Sofiane Feghouli gives Algeria a star to pin hopes on

The French-born Valencia attacking midfielder is one of the causes for hope at the 2014 World Cup for Algeria's 'Desert Foxes'.
Sofiane Feghouli shown with his club, Valencia, during a La Liga match in 2012. Alberto Saiz / AP
Sofiane Feghouli shown with his club, Valencia, during a La Liga match in 2012. Alberto Saiz / AP

It took the persuasive skills of three leading Algerian football figures to convince Sofiane Feghouli that his international career lay with the ‘Desert Foxes’ rather than France.

The 24-year-old right-side attacking midfielder, born in France to Algerian parents, had represented his country of birth at under-18 and under-21 levels.

And then senior national coach Raymond Domenech short-listed Feghouli for a 2008 friendly against Uruguay, but did not include him in the final squad.

The footballer, who made his senior debut at 17 for Grenoble, was also on the radar of Algerian officials seeking France-born footballers with ties to the north African state.

Then national team captain Yazid Mansouri and coach Rabah Saadane contacted Feghouli by telephone, and the task of ‘selling’ Algeria to him began.

Fortunately, the campaign to woo the now Valencia footballer coincided with a resurgence of the ‘Foxes’ after decades spent largely in the doldrums.

They qualified for the World Cup in 2010 after a 24-year absence from the global showpiece and held England between narrow losses to Slovenia and the United States.

But Algeria exited the tournament in South Africa without scoring, and the need for more creative footballers had assumed an air of desperation.

Enter Mohamed Raouraoua, the Algerian Football Federation president who also serves on African body CAF and world body Fifa.

He met Feghouli and a deal was done – Feghouli would play for the ‘Desert Foxes’ at senior level rather than compete for a place in the ‘Les Bleus’ line-up.

“My life-long dream was to play for Algeria – it is the country I consider home as my family comes from there,” he told Algerian reporters.

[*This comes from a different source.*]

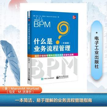 图书简介 | | 本书是一本系统、简洁、易读的业务流程管理(BPM)指南,全面介绍了BPM相关的重要概念、方法、工具和技术。它让你深刻理解,为什么BPM能够支撑组织战略,让成功的企业紧密地与价值链融为一体,保持企业高绩效和不断成长,并最终成为激活组织有机生命的关键脉络。本书最大的特点是,用简短的篇幅和简练的语言,系统地展现出组织运作和企业治理的透视图景。 |

“I am proud to defend the Algerian colours and everyone going to the World Cup feels the same. We are looking forward to the challenges.”

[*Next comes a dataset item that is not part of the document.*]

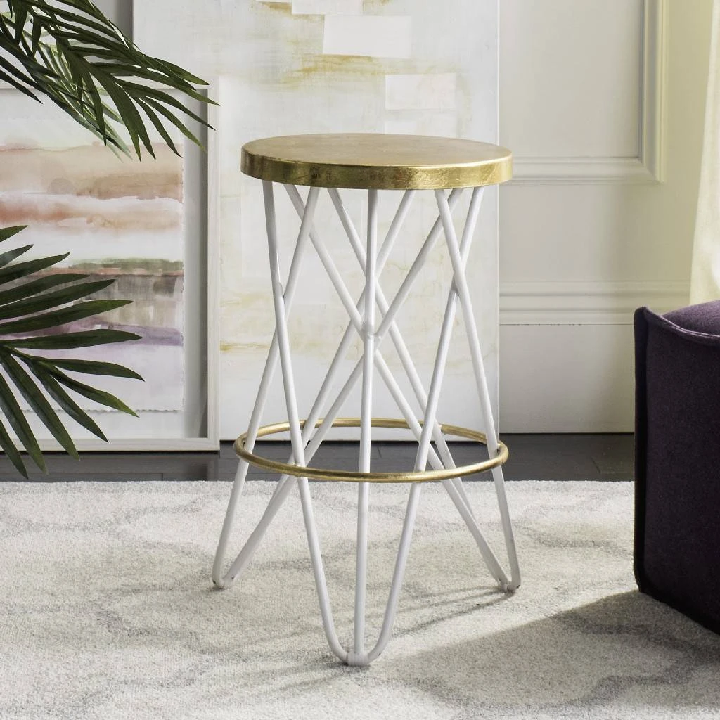 This contemporary counter stool takes any urban oasis to new heights. Inspired by the posh interiors of Barcelona’s hottest culinary destination, its stunning retro-glam style creates instant drama with its gold leaf and white finish and sleek hairpin legs. Wipe spills immediately. Maintain with regular dusting and clean with mild soap and water, dry thoroughly and do not use a brass cleaner.

Algeria are considered outsiders in Group H with Belgium, Russia and South Korea expected to slug it out for two second-round places.

Feghouli begs to differ.

“We will not be under the same intense pressure as our rivals. Obviously, it will not be easy, but we believe a knockout-stage place is a realistic goal.”

He has won 17 caps, scored five goals, and is widely regarded as one of the stars, if not the star, of the Brazil-bound squad.

Coach Vahid Halilhodzic emphasises the collective efforts of the team over any individual and refuses to be drawn on the value of Feghouli.

“Some of my players possess genuine quality and there are a couple capable of taking Brazil by storm,” said the Bosnian at a pre-tournament coaches’ get-together.

“However, the strength of the squad lies in its collective spirit. Other African countries have stars like Didier Drogba and Samuel Eto’o. Our star is the team.”

Watching Feghouli in a Europa League semi-final against Sevilla can only have raised the anxiety levels of the Belgians, Koreans and Russians.

Unlike many internationals, he can use either foot to deadly effect. He also moves constantly and scored the opening goal in a 3-1 win from a central striker position.

Add blistering pace, instant ball control, and dribbling skills that could induce dizziness among rivals and you have a star, whatever his coach might say.